Pues bien, Sr. Ministro, la escuela laica no es la escuela que une; implantada de la manera que vosotros queréis establecer, es la escuela que divide. Tal es la escuela que divide, que precisamente -y va a permitirme S.S. que otra vez me refiera a autores vivientes, a autores de nuestros días- he de recordar aquella discusión elocuentísima habida en la Cámara holandesa, precisamente a propósito de la escuela laica. ¿No recuerda S.S. el discurso estupendo, maravilloso, del jefe del partido socialista holandés, Troelstra? ¿No recuerda aquel otro discurso, no menos maravilloso, de uno de los socialistas más solventes de Holanda, que era Gerhard? ¿Qué decía éste? Pues decía: "Partidario de la escuela laica, partidario entusiasta de la escuela laica, soy partidario de que la escuela laica la sufrague el Estado, pero de que sufrague el Estado, al mismo tiempo, la escuela confesional. Pues qué, decía M. Gerhard, el socialista holandés, nosotros, socialistas, que queremos que el Estado sufrague la escuela laica porque la escuela laica responde a nuestra concepción laica de la vida, ¿con qué derecho vamos a impedir que los que están enfrente de nosotros, que ellos, los clericales, pidan, exijan que el Estado sufrague la escuela confesional, que responde a la concepción religiosa que ellos tienen de la vida? ¿Por qué? ¿Porque nuestra concepción laica sea superior, sea más perfecta que la concepción religiosa? ¡Ah!, pero estas no son cosas que puedan imponerse por la fuerza del Estado; esas son cosas que deben imponerse por el poder de persuasión." Y dice el jefe del partido socialista holandés que no es noble, que no es digno luchar con los clericales en desigualdad de armas; lo digno, lo noble, dice, es luchar con armas iguales. Escuela laica sufragada por el Estado; escuela confesional sufragada por el Estado. Que luchen entre sí, no por la imposición del Estado, y que prevalezca aquella cuya enseñanza sea más pedagógica, aquella cuya enseñanza sea más cultural, sea más europea y sea más moderna.
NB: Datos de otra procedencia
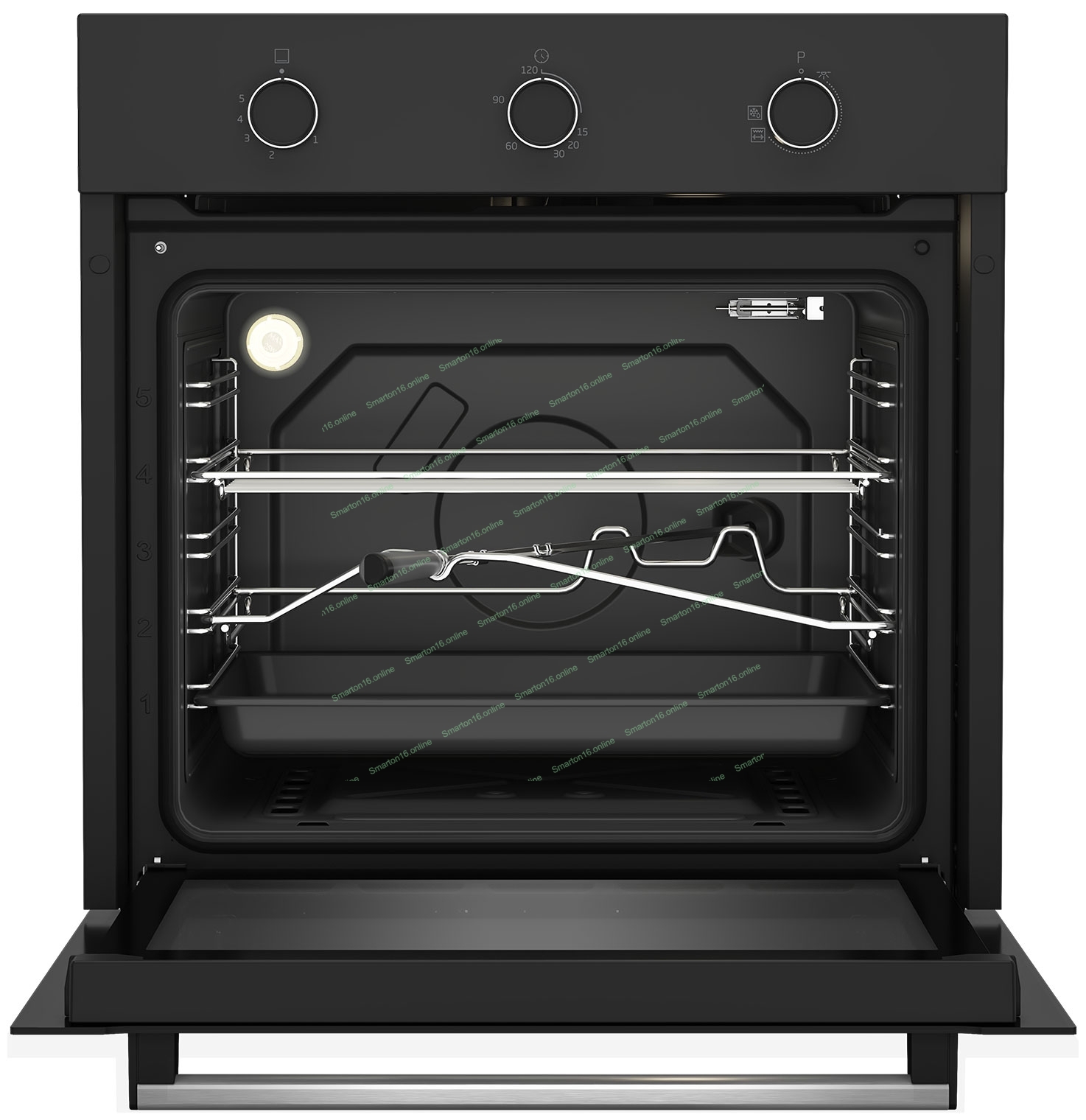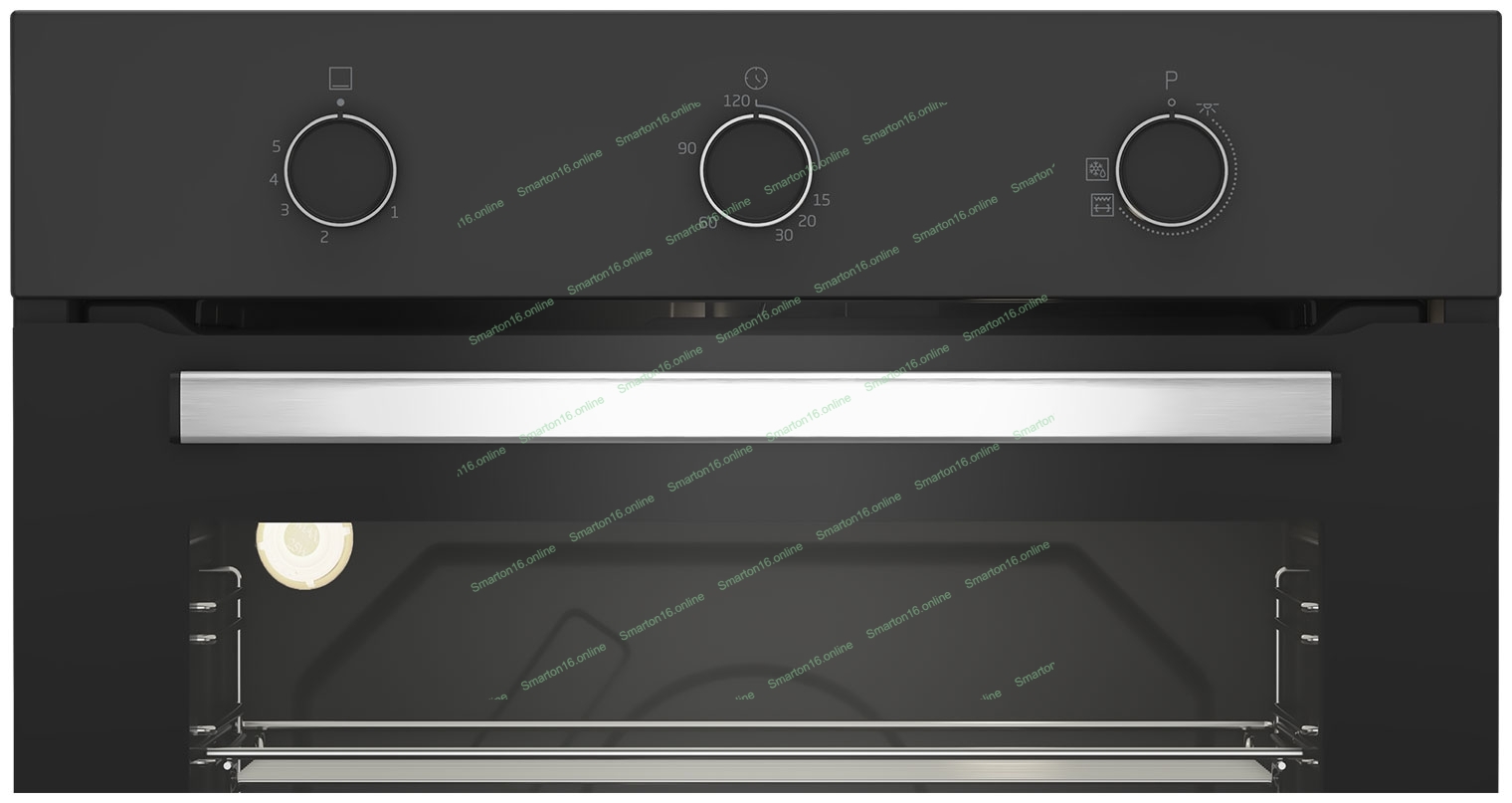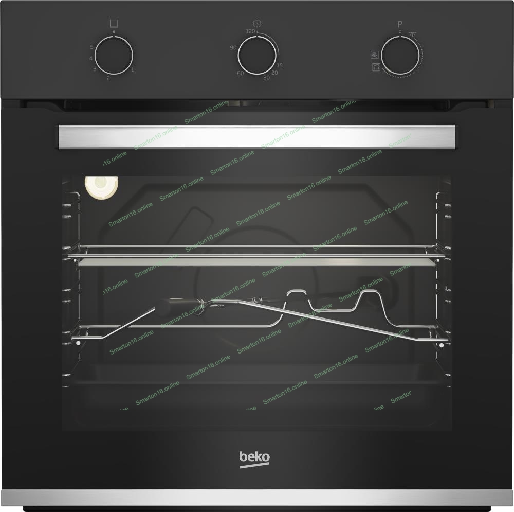 Газовый духовой шкаф Beko BBIH12100BC с откидным электрическим грилем и конвекцией; автоматический электроподжиг; поворотные переключатели; металлические направляющие; объем - 72л; 3 стекла дверцы; 1 решетка; 1 противень; вертел. Цвет черный; Материал панели управления Металл черный

Por lo demás, ya comprenderéis, Sres. Diputados, que no voy a tener la pretensión de querer abusar más de vuestra benévola atención; pero una cosa me ha extrañado en el Ministro. El Sr. Ministro de Justicia es hombre que conoce lo clásico y lo moderno, es hombre que tiene plena ciencia de lo antiguo y de lo contemporáneo; pero, Sr. Ministro, permítame S.S. que se lo diga, ¡qué pena el que -no diré su anticlericalismo, ya ha tenido S.S. la gentileza de declarar que no es anticlerical-, ¿cómo quiere que se lo diga?, qué pena que su laicismo haga que siempre vaya a fijarse, a dirigir la suma de sus conocimientos hacia lo antiguo! Cuando su S.S., hace pocos instantes, pronunciaba su discurso, yo cerraba los ojos y me ponía a pensar si quien estaba hablando sería nada menos que un Ministro de la segunda República española, un Ministro tan culto y tan enterado como el Sr. Albornoz, o si quien hablaba sería un Ministro de alguno de los Gabinetes de Espartero. ¿Por qué tanto hablarnos de regalías, de seudoderechos españoles del siglo XVIII, del XVII, del XVI, Sr. Ministro? ¿Por qué eso en un Ministro de la República...? Al menos yo, sentado en el banco azul de una República contemporánea, tendría a menos el venir aquí a invocar testimonios viejos, caducos, decrépitos, anacrónicos, de anacrónicos legistas medievales. (Rumores.) Pues eso es lo que ha venido a hacer el Sr. Ministro de Justicia de la República española hoy, señores, cuando el Instituto de Derecho Internacional, en su reunión de Nueva York, bajo la presidencia del insigne jurista James Brown Scott, acaba de votar esa declaración de los derechos del hombre, que es la condenación más expresa, más terminante, más autorizada, de las leyes laicas francesas y de la futura ley anticlerical española! ¡Venimos ahora S.S. con aquellos regalistas del siglo XVII, del XVII y del XVI!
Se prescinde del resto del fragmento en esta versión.